YOUR INSTRUCTIONS -
From the line containing "電視背景懸浮柜設(shè)計" through the last line of the entries, output the text exactly. Pictures stay out.

GIVEN DATA -
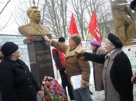 129 день рождения И.В.Сталина в Северной Осетии. Сегодня вся Осетия, как и вся страна, отметила день рождения Иосифа Виссарионовича Сталина. С самого утра жители республики направлялись к памятникам И.В.Сталину. Более тысячи человек пришли поклониться памяти великого человека. Живые цветы, корзины цветов, венки – свидетельство почитания памяти Верховного Главнокомандующего СССР. Северная Осетия всегда была республикой, где уважали все то, что в свое время делали и Ленин, и Сталин. В Осетии к Сталину всегда было особое отношение. Жизнь и государственная деятельность Сталина оставила глубочайший след не только в судьбах миллионов отдельно взятых людей, но и в исторической памяти сотен народов, населявших Россию. Политик, добившийся единственного за всю историю нового времени подлинного и беспримерного экономического чуда, превратив огромную полуразрушенную аграрную страну, опустошенную и обескровленную, в индустриального и военного гиганта. Один из выдающихся руководителей Советского Союза, Генералиссимус, он пользовался в народе и армии огромным авторитетом, основанным, прежде всего, на достигнутых под его руководством неоспоримых успехах в Великой Отечественной войне. Наши фронтовики в бой шли со словами "За Родину! За Сталина!"Народная любовь к нему была огромна. Авторитет имени Сталина жизнен и сегодня. Память Верховного Главнокомандующего СССР, Генералиссимуса Иосифа Виссарионовича Сталина увековечена в памяти народа, ему воздвигнуты памятники в разных городах и селах нашей страны - свидетельство нашего уважения к нему. Почтить память вождя собрались сегодня и коммунисты республики во главе с секретарем ЦК КПРФ, первым секретарем Северо-Осетинского рескома КПРФ, депутатом Парламента РСО-Алания Казбеком Тайсаевым . Памятник Иосифу Сталину есть в каждом ущелье Северной Осетии. Первый памятник Сталину был воздвигнут в поселке Верхний Фиагдон в Куртатинском ущелье в 1950-е годы. Бюст "вождя народов" на пятиметровом постаменте установили по инициативе и на средства коммунистов Дигорского района Северной Осетии. Памятники и бюсты установлены – в парке культуры и отдыха г.Алагира, на базе отдыха заповедника «Бекан», у здания районной администрации Кировского района, во дворе школы №2 г.Ардона, у здания администрации сел.Комгарон, в центре г.Беслана на ул.Сигова, в парке Победы г.Моздока и т.д. Если общество сегодня не хочет, чтобы улицу Сталина переименовали, это ли не доказательство признания его заслуг? В селениях Ногир, Чермен, Чикола, Хумалаг, Коста, Нарт, станицах Змейская, Калининская, городах Ардон, Дигора, Беслан, Алагир именем Сталина названы центральные улицы. Сегодня нет практически ни одного населенного пункта в Северной Осетии, где бы не было улицы имени Сталина. Мероприятия, посвященные 129 дню рождения И.В.Сталина, прошли по всей республике. А 10-летний юбилей своего райкома отметил в торжественной обстановке один из городских райкомов КПРФ г.Владикавказа – Сталинский. На торжественное мероприятия пришли коммунисты района, представители рескома КПРФ, работники научной библиотеки, в актовом зале которой отмечали праздник. Сегодня пополнились и ряды райкома партии – 15 молодых ребят встали рядом со своими старшими товарищами, чтобы завтра продолжить их дело. «Быть верным делу Ленина и Сталина», - таков был н
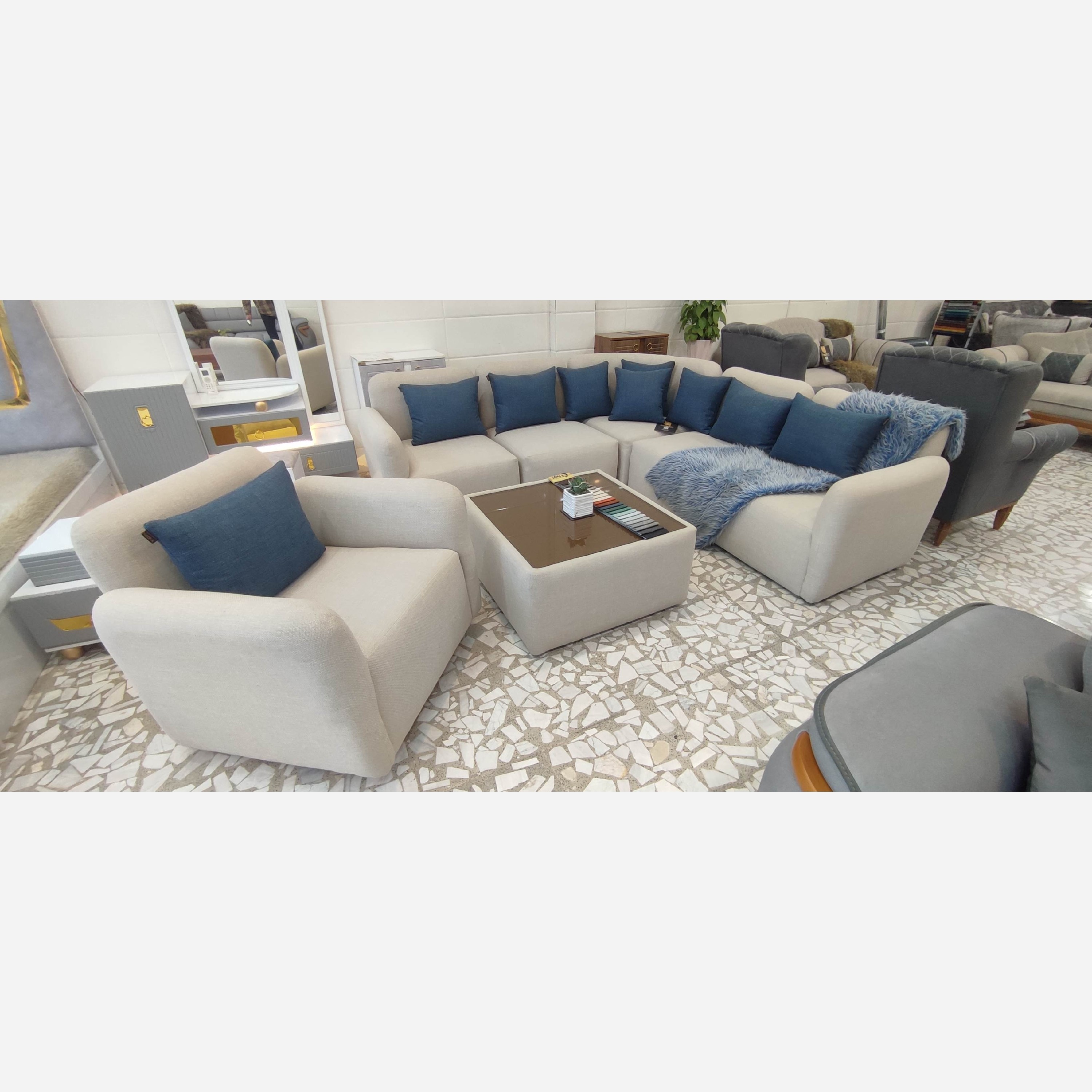 مبل ال مدل پازلی بهمراه تک نفره گردان مبلمونسرا مدل 214320
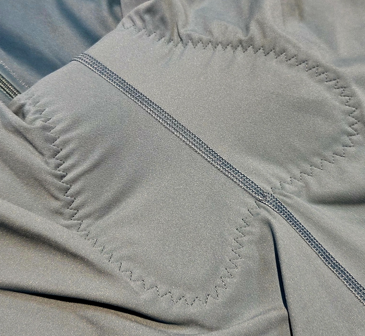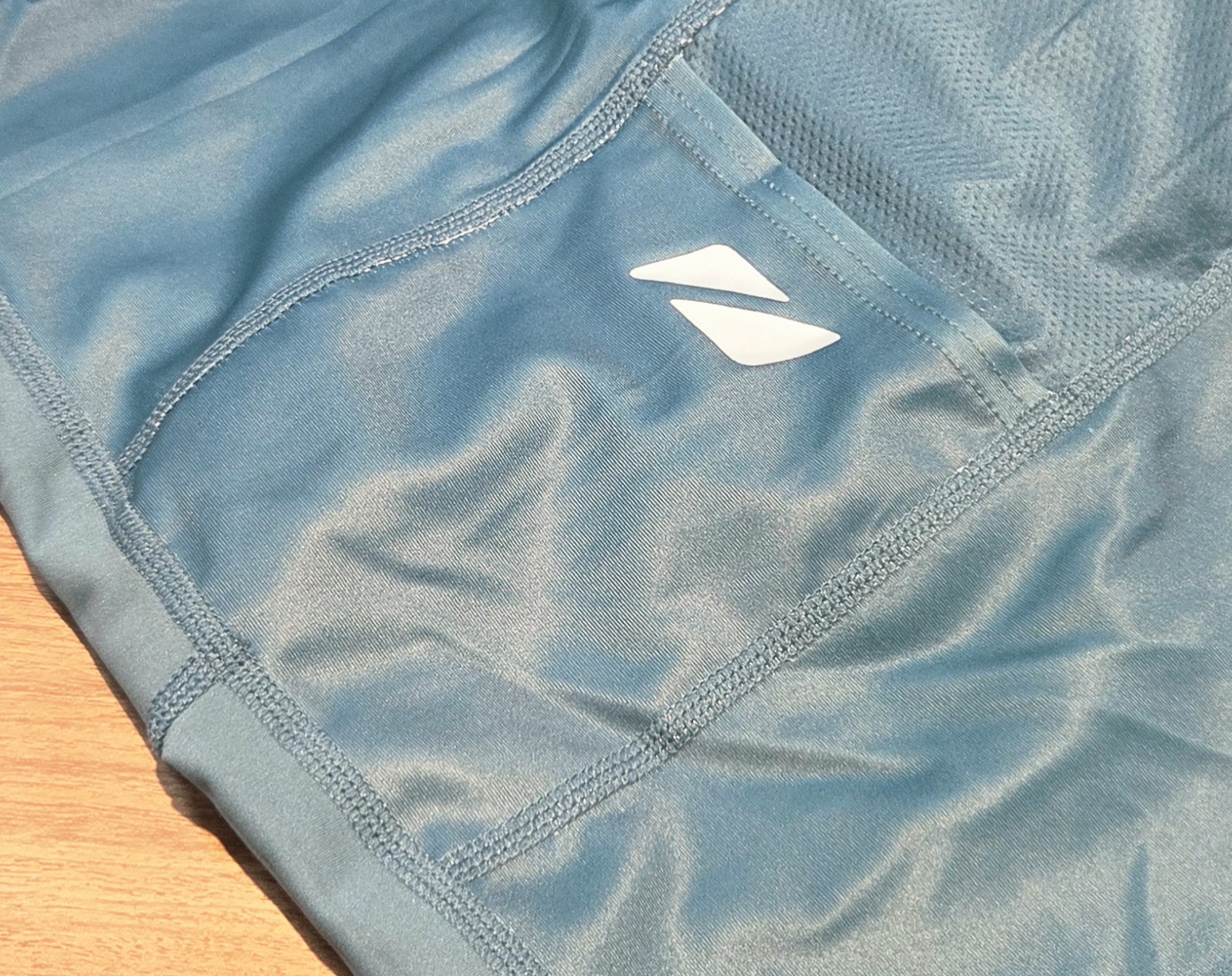 リサイクル素材を使用したシャモア(股部分のパッド)は複数の厚みを組み合わせ、3種目を通して行われるレース時にも快適な設計です。
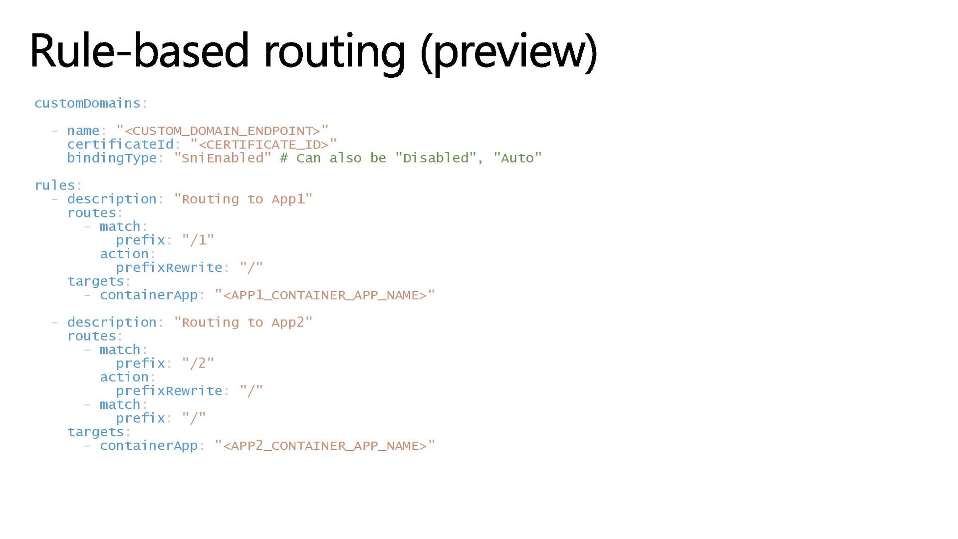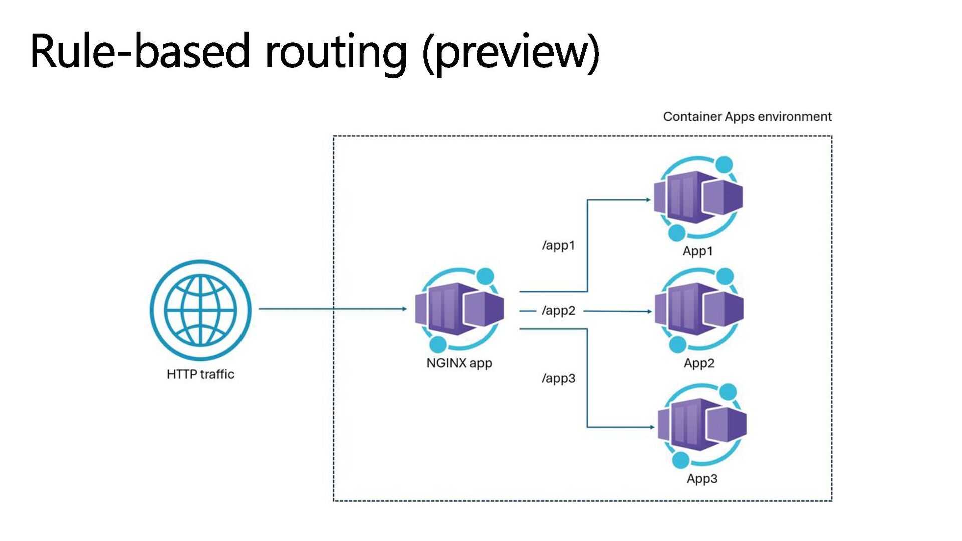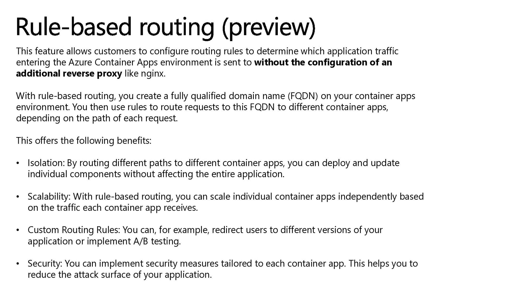 which application traffic entering the Azure Container Apps environment is sent to without the configuration of an additional reverse proxy like nginx. With rule-based routing, you create a fully qualified domain name (FQDN) on your container apps environment. You then use rules to route requests to this FQDN to different container apps, depending on the path of each request. This offers the following benefits: • Isolation: By routing different paths to different container apps, you can deploy and update individual components without affecting the entire application. • Scalability: With rule-based routing, you can scale individual container apps independently based on the traffic each container app receives. • Custom Routing Rules: You can, for example, redirect users to different versions of your application or implement A/B testing. • Security: You can implement security measures tailored to each container app. This helps you to reduce the attack surface of your application. Rule-based routing (preview)
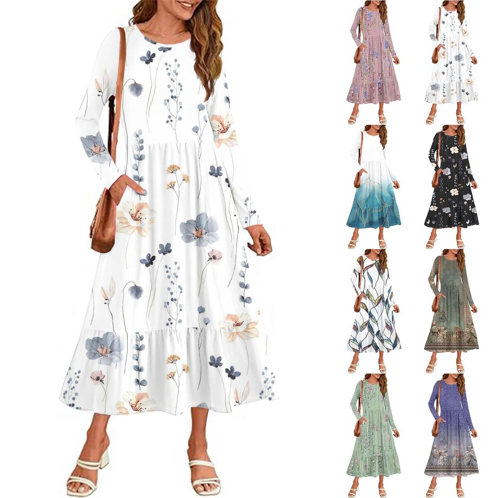 Женское повседневное платье с принтом, весна-осень, карман, круглый вырез, длинные рукава, платья — купить товар онлайн с бесплатной доставкой до всему миру!
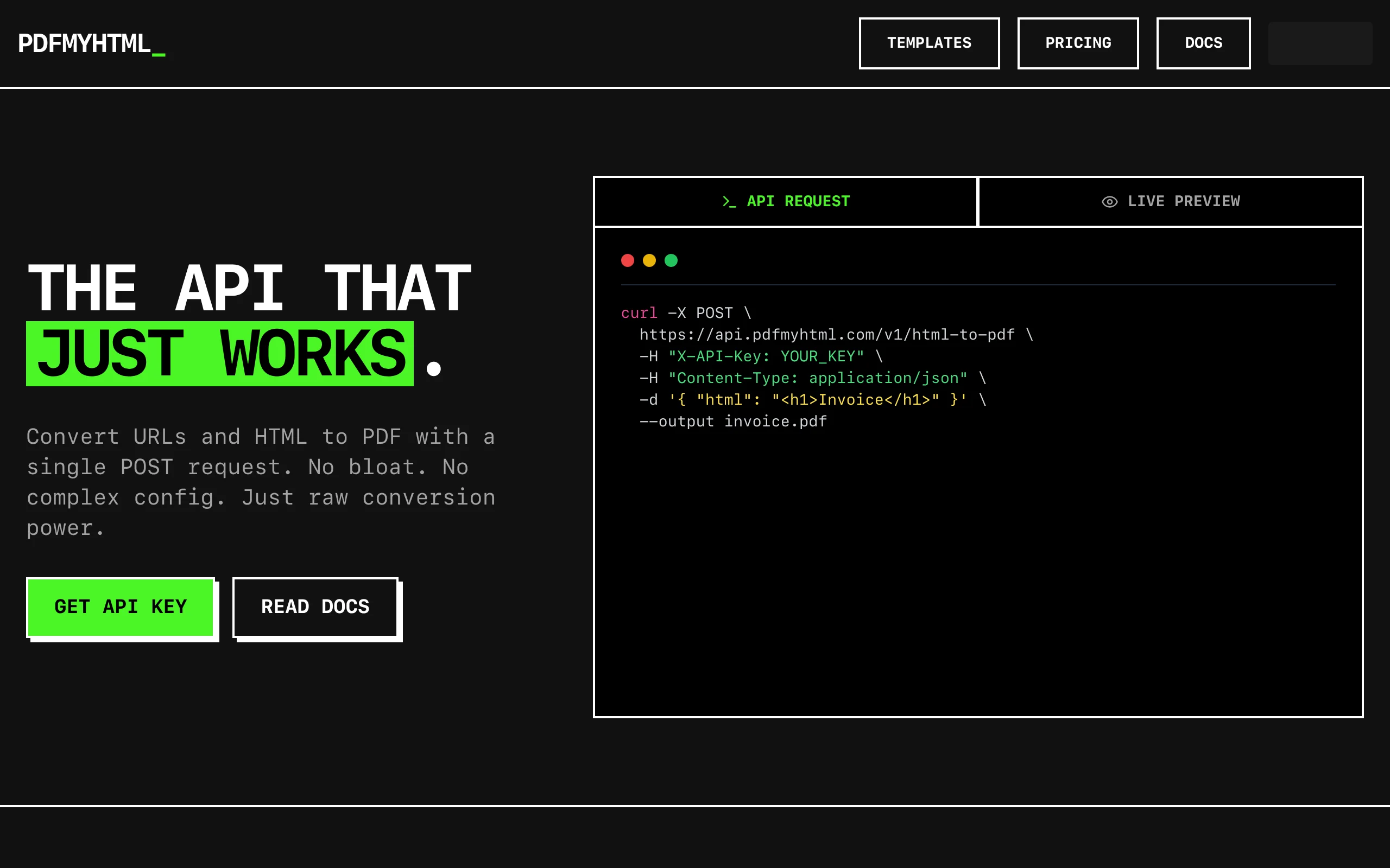 pdfmyhtml is an API that converts HTML and URLs to PDF using a simple POST request. It's built for speed and accuracy, with a single endpoint that accepts JSON or raw HTML. You can also manage Handlebars/Jinja2 templates directly in your dashboard.
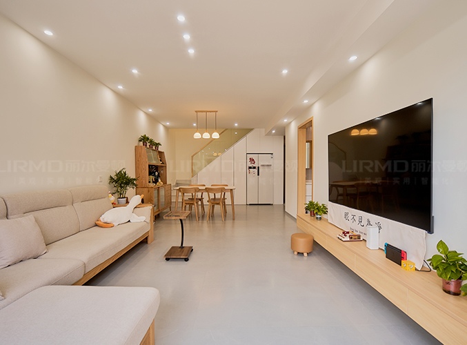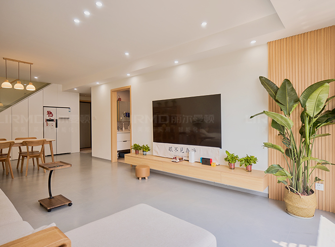 電視背景懸浮柜設(shè)計(jì),整塊墻做電視背景墻,盡顯大氣,無主燈設(shè)計(jì)搭配大白墻,
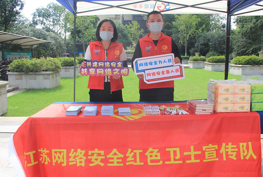 為進一步強化居民的網絡安全意識,使居民正確掌握和應對常見的網絡安全風險,預防和減少網絡詐騙帶來的經濟損失。9月16日下午,江蘇瑞新網絡安全紅色衛士宣傳隊聯合中國電信公司走進江蘇省鎮江市美的城一區社區,開展網絡安全宣傳“進社區活動。”
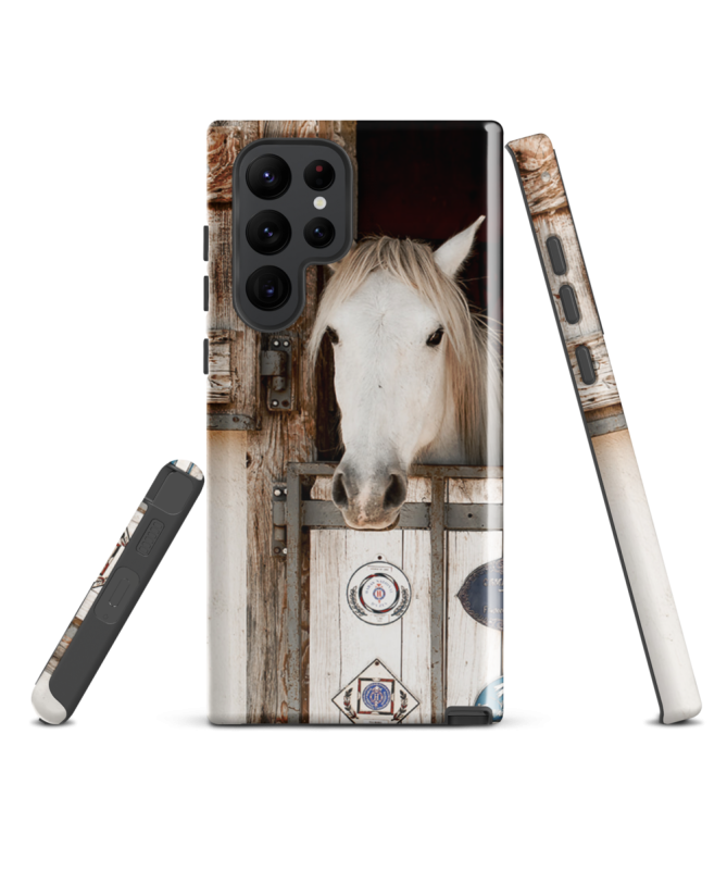 Découvrez la splendeur d'un cheval de Camargue sortant de son BOX avec la coque Samsung BOX Les Francophones.

SOLUTION -
 電視背景懸浮柜設(shè)計(jì),整塊墻做電視背景墻,盡顯大氣,無主燈設(shè)計(jì)搭配大白墻,
 為進一步強化居民的網絡安全意識,使居民正確掌握和應對常見的網絡安全風險,預防和減少網絡詐騙帶來的經濟損失。9月16日下午,江蘇瑞新網絡安全紅色衛士宣傳隊聯合中國電信公司走進江蘇省鎮江市美的城一區社區,開展網絡安全宣傳“進社區活動。”
 Découvrez la splendeur d'un cheval de Camargue sortant de son BOX avec la coque Samsung BOX Les Francophones.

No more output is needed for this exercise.